Он не смог не уловить грусть, перемешанную с болью, когда она заговорила об отце.
— Сейчас конец мая, конец сезона цветения ландышей и начало сезона клубники.
Клэр вновь нахмурился, взгляд стал вопросительным.
— Сегодня… скажи, ты сегодня ел клубничный джем?
Эрик удивленно замер, убрав от ее лица свою руку. Замерла и ее рука на его шее.
— Что?
Взгляд ее стал острее.
— Клубника… от тебя пахло клубникой, когда ты поймал меня у дерева.
О Господи, она заметила, чем он пах? Эрик даже не думал, что такое возможно.
— Да, пробовал, — как в тумане пробормотал он, не в силах утаить от нее эту правду.
На милом лице застыло недоумение.
— Почему? Ты ведь не любишь сладкое.
Невероятно, но она запомнила даже это. Запомнила и пожелала воскресить воспоминания почти так же, как сегодня днем, когда вытащила листок из его волос. Она даже не представляла, как это было важно для него.
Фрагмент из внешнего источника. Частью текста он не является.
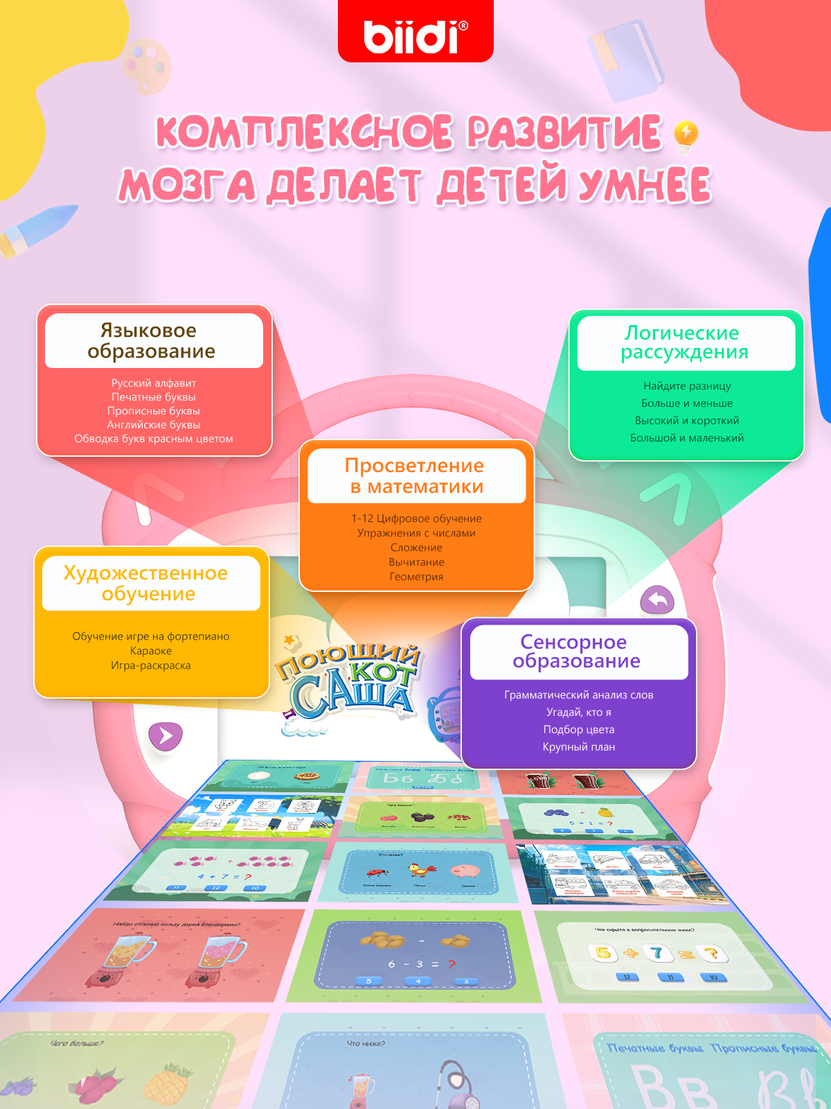 4 - Развивает у ребенка наблюдательность, мышление, сравнительный анализ и пространственное восприятие. Кот Саша может самостоятельно научить вашего ребенка распознавать письменную и рукописную форму каждой буквы и научить писать их в правильном порядке. Кот Саша использует метод Монтессори для изучения слов и грамматики в 15 категориях: животный мир, транспорт, овощи и фрукты, спорт и т. д. В отличие от обычного обучения по карточкам, где требуется, чтобы родители читали слова, кот Саша может произносить слова, а ребенок может повторять за ним и самостоятельно обучаться. Приобретение "Кота Саши" равносильно покупке более 20 наборов обучающих карточек с более чем 1 000 учебных тем. Кот Саша - это видеоплеер, интерактивная игрушка-караоке, интерактивное электронное пианино. Кот Саша имеет множество других функций, эта детская развивающая игрушка доставит много радости детям и родителям! Прекрасный подарок для мальчиков и девочек на Новый год, день рождения, день защиты детей.
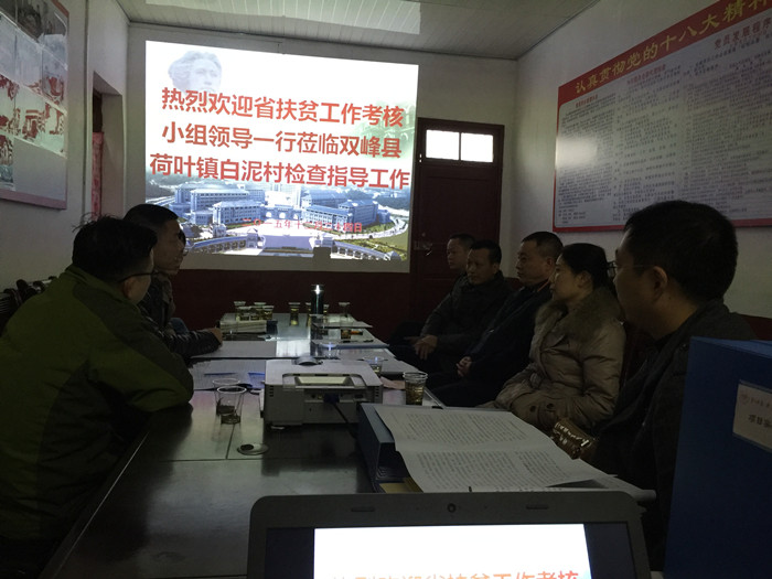 12月24日,受湖南省扶贫办、省委组织部、省直工委、省人力资源和社会劳动保障厅委托,由省扶贫开发领导小组办公室周伟生为组长、省新闻出版广电局王湘、省委组织部基层办刘凯敏组成的考核组一行,深入双峰县荷叶镇白泥村检查考核我校2015年扶贫工作。县扶贫办主任赵和平、驻地党委政府主要负责人、村支两委等参加了考核检查。
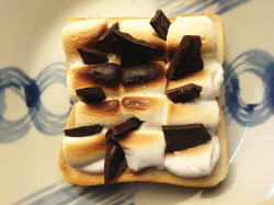 ※みんな、スモア好きだよね? で生まれたトーストです。マシュマロのサクとろぉ、と板チョコがよく合います。
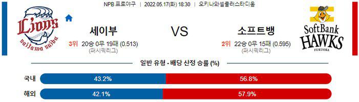 【NPB】 5월 17일 세이부 vs 소프트뱅크

И чтобы хоть как-то дать ей это понять, он ответил так же честно, как в день прогулки.
— Не люблю, но я хотел знать, какой вкус у твоей любимой клубники.
Глаза ее потрясенно расширились, будто бы она не ждала от него такой честности, а потом быстро опустила голову, пряча от него свой взгляд.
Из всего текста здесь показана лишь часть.